Space agencies in Europe and Russia have sadly announced that their next mission to the surface of Mars with a rover will be delayed by two years, from 2018 to 2020. The rover is to be part of a two-pronged ExoMars mission by the European Space Agency and Roscosmos. The first stage has already been successfully launched into space. That mission is actually made up of two robotic probes — the Trace Gas Orbiter (TGO) and the Schiaparelli entry, descent and landing demonstrator. The second launch, however, is destined to put a full-size rover on the surface of the Red Planet, capable of drilling 2m down into the Martian crust.
The BBC reports, however, that both Russian and European engineers have struggled to keep to the project's schedule. Sadly, missing the 2018 launch date requires waiting for the next instance of favourable planetary alignment, which means waiting for 26 months.
Rolf de Groot, head of ESA's Robotic Exploration Coordination Office, explained to the BBC:
What we have been doing lately is seeing if we could shorten the assembly, integration and testing (AIT) phase to something that would be acceptable from a risk point of view, but still make the 2018 launch.
Very recently, we have concluded that this is not possible without adding a large amount of additional risk to an already risky mission.
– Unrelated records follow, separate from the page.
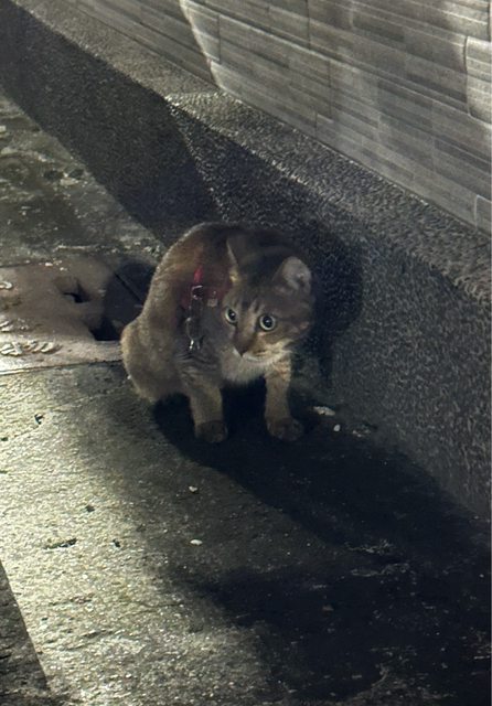 晚上大約6:30左右在北區北成公園路邊看到一隻有紅色背帶(有鈴鐺)的貓咪
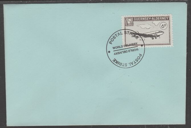 Guernsey - Alderney 1971 POSTAL STRIKE unaddressed cover bearing 6d Douglas DC-3 cancelled with World Delivery postmark
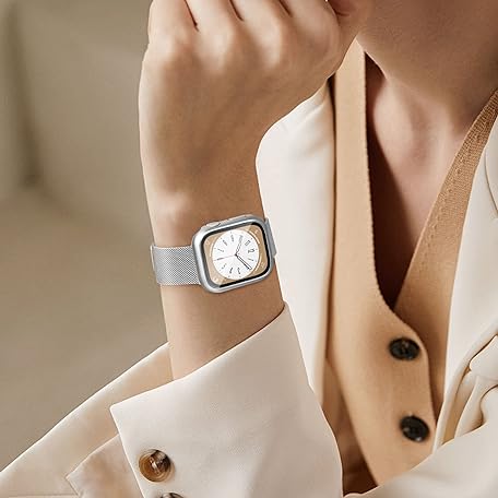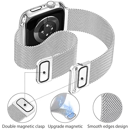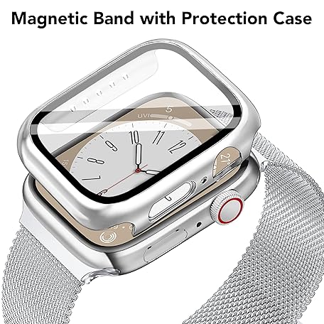 Thông tin sản phẩm Mazuboho Magnetic Band Compatible with Apple Watch Band 40mm 41mm 44mm 45mm with Screen Protector Case, Stainless Steel Mesh, Adjustable and Comfortable Band for iWatch Bands Series 9/8/7/6/5/4/SE

So, we decided the only responsible thing to do was move to the 2020 launch date.
The project has seen many setbacks since its approval in 2005. What started as a modest demonstration mission became a full-blown exploration of Mars, which introduced its own delays. Since, it's struggled for money, too, with both NASA and Roscosmos helping out at various stages of the project.
Hopefully the 2020 launch will go ahead.